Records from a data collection
┌──

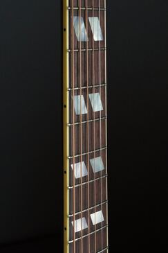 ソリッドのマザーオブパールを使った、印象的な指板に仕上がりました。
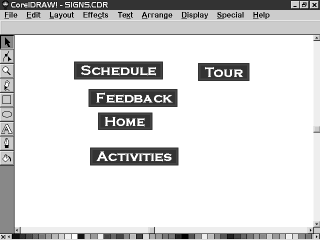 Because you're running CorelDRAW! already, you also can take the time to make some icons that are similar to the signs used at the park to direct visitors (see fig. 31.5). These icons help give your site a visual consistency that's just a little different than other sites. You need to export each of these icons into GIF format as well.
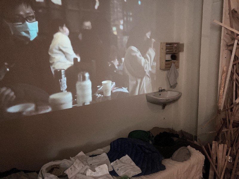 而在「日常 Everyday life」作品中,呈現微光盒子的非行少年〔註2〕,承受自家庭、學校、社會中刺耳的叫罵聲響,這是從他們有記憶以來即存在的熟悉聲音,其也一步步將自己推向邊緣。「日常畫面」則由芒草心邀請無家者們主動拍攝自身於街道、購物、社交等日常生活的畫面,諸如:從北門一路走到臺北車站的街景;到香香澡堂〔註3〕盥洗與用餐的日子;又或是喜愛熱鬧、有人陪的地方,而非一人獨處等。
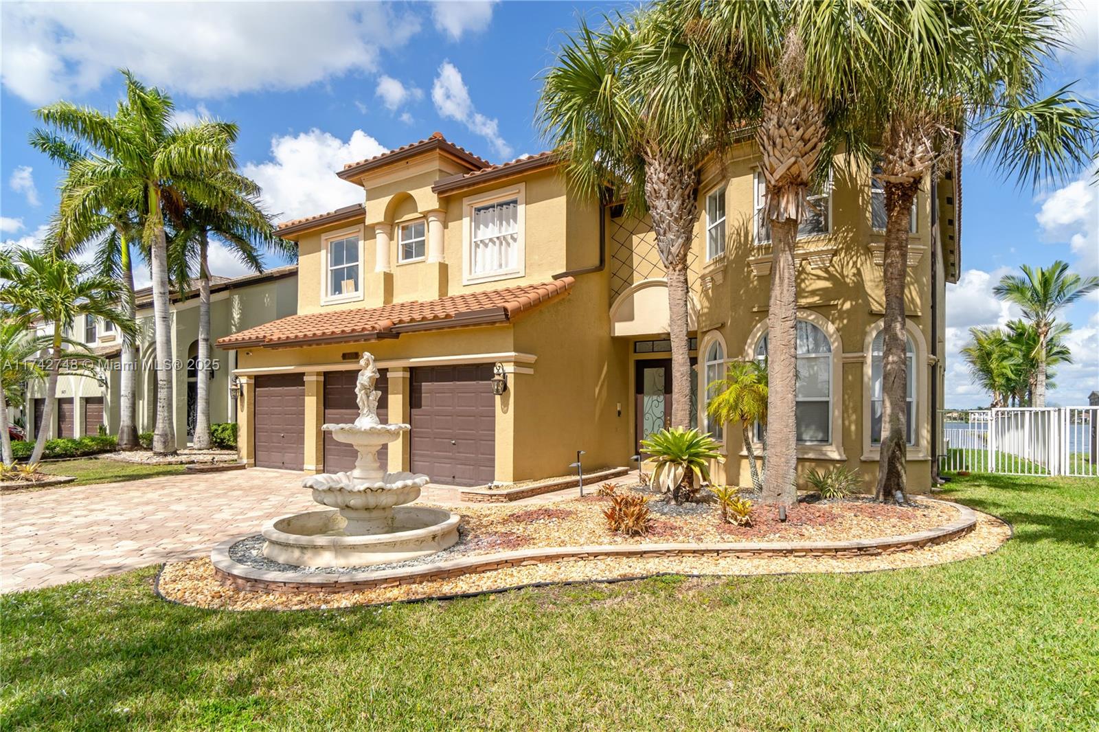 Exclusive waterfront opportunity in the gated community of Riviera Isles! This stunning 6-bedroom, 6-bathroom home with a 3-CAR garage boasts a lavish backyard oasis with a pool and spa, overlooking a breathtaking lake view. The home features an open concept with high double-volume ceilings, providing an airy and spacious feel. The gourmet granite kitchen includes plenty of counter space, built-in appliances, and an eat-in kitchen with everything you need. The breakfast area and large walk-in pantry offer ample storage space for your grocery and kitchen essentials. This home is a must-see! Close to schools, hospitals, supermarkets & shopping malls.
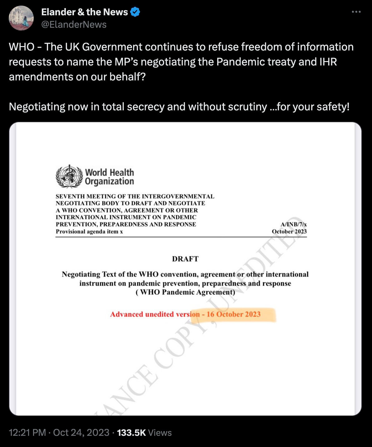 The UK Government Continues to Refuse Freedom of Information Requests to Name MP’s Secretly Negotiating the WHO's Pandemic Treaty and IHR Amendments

└──

Leave out the pictures, then give all the records again exactly.

◆ **Answer space**:
 ソリッドのマザーオブパールを使った、印象的な指板に仕上がりました。
 Because you're running CorelDRAW! already, you also can take the time to make some icons that are similar to the signs used at the park to direct visitors (see fig. 31.5). These icons help give your site a visual consistency that's just a little different than other sites. You need to export each of these icons into GIF format as well.
 而在「日常 Everyday life」作品中,呈現微光盒子的非行少年〔註2〕,承受自家庭、學校、社會中刺耳的叫罵聲響,這是從他們有記憶以來即存在的熟悉聲音,其也一步步將自己推向邊緣。「日常畫面」則由芒草心邀請無家者們主動拍攝自身於街道、購物、社交等日常生活的畫面,諸如:從北門一路走到臺北車站的街景;到香香澡堂〔註3〕盥洗與用餐的日子;又或是喜愛熱鬧、有人陪的地方,而非一人獨處等。
 Exclusive waterfront opportunity in the gated community of Riviera Isles! This stunning 6-bedroom, 6-bathroom home with a 3-CAR garage boasts a lavish backyard oasis with a pool and spa, overlooking a breathtaking lake view. The home features an open concept with high double-volume ceilings, providing an airy and spacious feel. The gourmet granite kitchen includes plenty of counter space, built-in appliances, and an eat-in kitchen with everything you need. The breakfast area and large walk-in pantry offer ample storage space for your grocery and kitchen essentials. This home is a must-see! Close to schools, hospitals, supermarkets & shopping malls.
 The UK Government Continues to Refuse Freedom of Information Requests to Name MP’s Secretly Negotiating the WHO's Pandemic Treaty and IHR Amendments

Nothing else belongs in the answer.